Then we moved most of the content from the sample's other class, i.e, the JPanel, into a TopComponent, which integrates with the NetBeans Platform. We initially simply wanted to call the JPanel from the TopComponent and then add it to the TopComponent. I think that probably failed because the JPanel might have been getting instantiated (at least) twice. So we moved everything into the TopComponent, ran the NetBeans Platform, and there it was:

We also installed it into the Visual VM:

...and into NetBeans IDE:

In the latter case, we encountered a lot of problems because, as we eventually discovered, the Visual Web Pack has a security manager that conflicts with the security manager set in the tools.jar, which is where the JConsole API is located. We tried in vain to set security policies in various places before we discovered the culprit and then simply excluded the Visual Web Pack from the IDE. Then the JTop plugin worked without a problem.

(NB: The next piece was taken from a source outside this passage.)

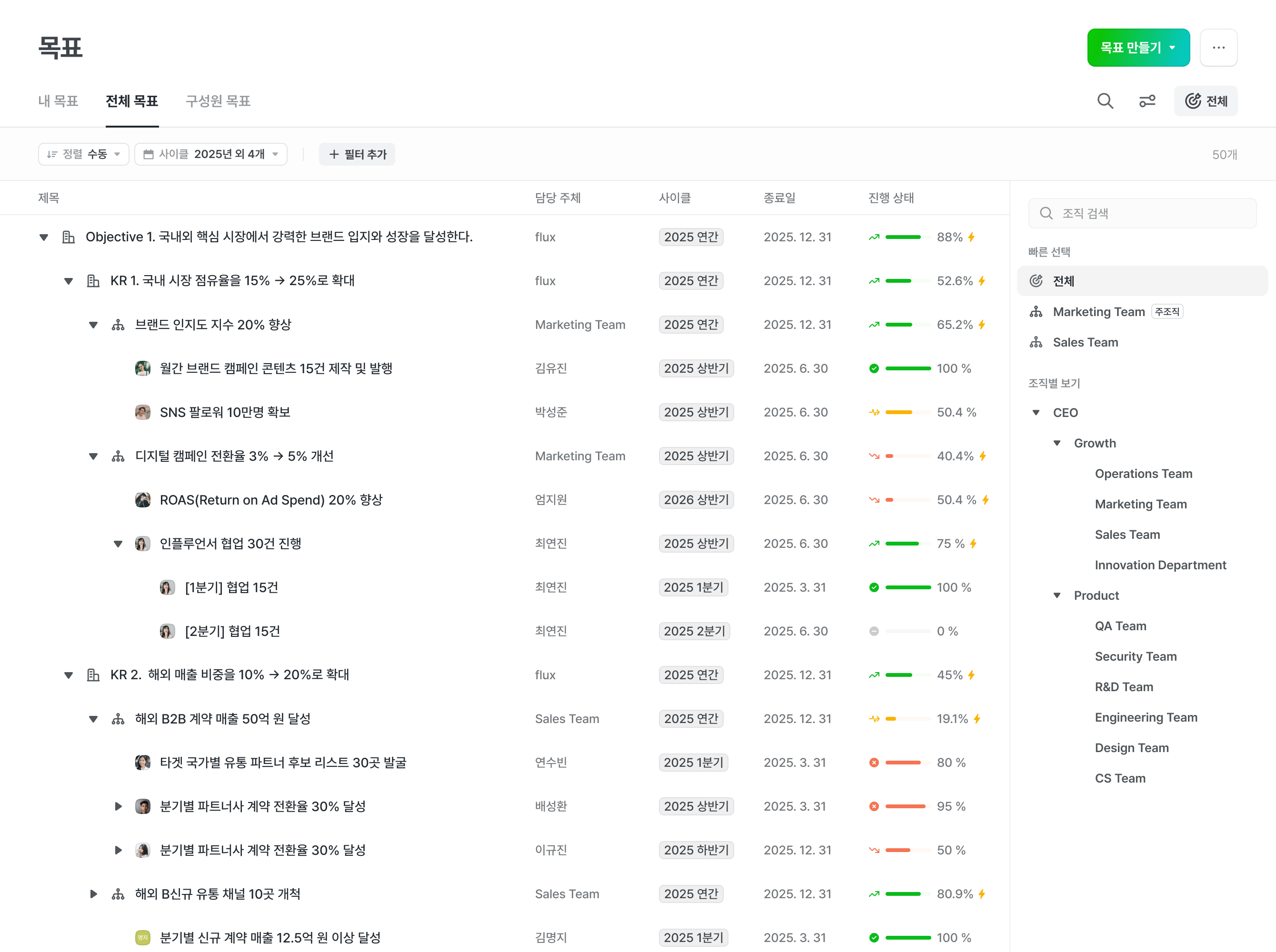 저희 회사는 조직 변경이 잦아, 목표를 일관되게 관리하기 어려운데 괜찮을까요?

And, because the original JTop plugin uses the cool new JDK6 SwingWorker class, the TopComponent is updated automatically in the background and the thread information is continuously current.

Here is the complete TopComponent. You'll see that we didn't actually add any code ourselves. We had to hardcode the server and port number, currently there doesn't seem to be an obvious way to detect these. The original JTop plugin integrated with JConsole such that JConsole provided this information. Now that JConsole is no longer in the picture, that information needs to be obtained somehow. So, currently we've hardcoded it.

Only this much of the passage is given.